Sit in the isle seat if possible.  I've found it helps if you don't look out the window constantly. You also don't notice the movement as much.  You also have a little more room to move your legs around, and chances are if you are nervous you may need to use the restroom a few times during the flight.  This makes it easier than climbing over someone.  If you can't get an isle seat, then see if the person in your row doesn't mind switching with you.  Or talk to a flight attendant and explain how the isle seat helps calm your flying nerves.  They'll be happy to help and will most likely be able to find you an isle seat on the plane.




Be kind to the person sitting next to you.  Let them know you're a nervous flier.  This way when you need to wake them to climb over them for the bathroom, or need to blast the AC on your face they'll be a little more understanding.

Meet the pilot- Seeing exactly who is flying the plane can be very calming. Most times when you board the cockpit door will be open and you can see the pilot and his crew prepping for the flight.  Ask your flight attendant if you can meet the pilot.  Explain you are a nervous flier.  Many time the pilot will step out and meet you and answer any questions you have.  Or maybe just seeing them at work will be enough to calm your anxiety.




When in doubt, watch the flight attendants.  My father, who has flown planes, taught me this important nugget of wisdom-- If you're unsure of a noise or something you feel, look at the flight attendants.  Do they look alarmed or puzzled?  If not, there is nothing to worry about.  They fly these routes hundreds of times a year and know when something isn't right.   Just sit back and relax.  Let them know what you need and remember, even though anxiety can translate into grumpiness, be nice to your flight attendants!


Above all, just remember to stay calm!






But even with all that knowledge and a few yoga techniques, a fear of flying doesn't just disappear immediately.  

It took years for me to build up the courage to feel comfortable getting on a plane and after following the above steps religiously for all that time, there was one moment when everything just came together.

We were flying home from Caribbean during a tropical storm.  The moment the pilot took us down for a landing we began bumping around.  Last minute he decided it was too risky and took us back up to do another "go around".  It was something I had read about from Cap.

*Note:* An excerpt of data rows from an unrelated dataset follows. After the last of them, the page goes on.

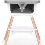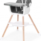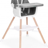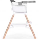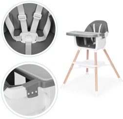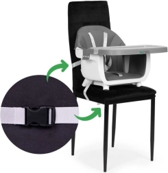 A 2 az 1-ben megoldásnak köszönhetően a lábak levehetők, az ülés pedig a mellékelt pántokkal biztonságosan rögzíthető egy hagyományos székre – ideális utazáshoz és az étkezőasztalhoz is.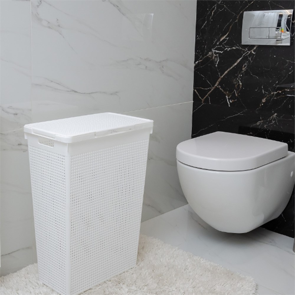 Корзина д/белья "Лофт" узкая с крышкой 50л белая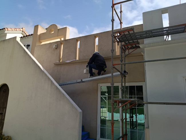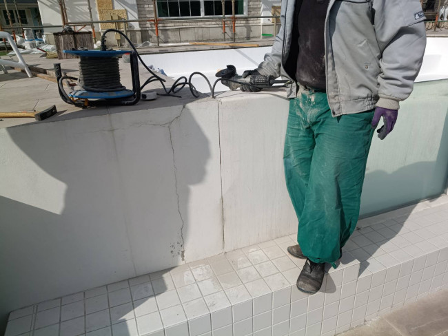 タイル屋の麻生さんは、千葉県富津市にあるスタジオでの外壁リフォームとプールの照明工事において、タイル屋麻生さんの精密な作業を丁寧に進めてます。

Chance's course so I knew what was happening but it still didn't make me comfortable.

There we were were, being bounced around in the clouds above Miami for a good twenty minutes, all the while I'm gripping the seat begging God to help us down gently.  And guess what, we landed.  We were perfectly fine.  Everyone on that plane made it off alive and well.


It was then that it all finally clicked.  I'm safe when I fly.  I'm in good hands.   I always have been and I always will be.  And after that flight and all the terror I felt in the skies, I'd still get on a plane tomorrow.  Why?  Because anything worth fearing is worth doing.  



Don't let your fear of flying hold you back from seeing how beautiful the world is.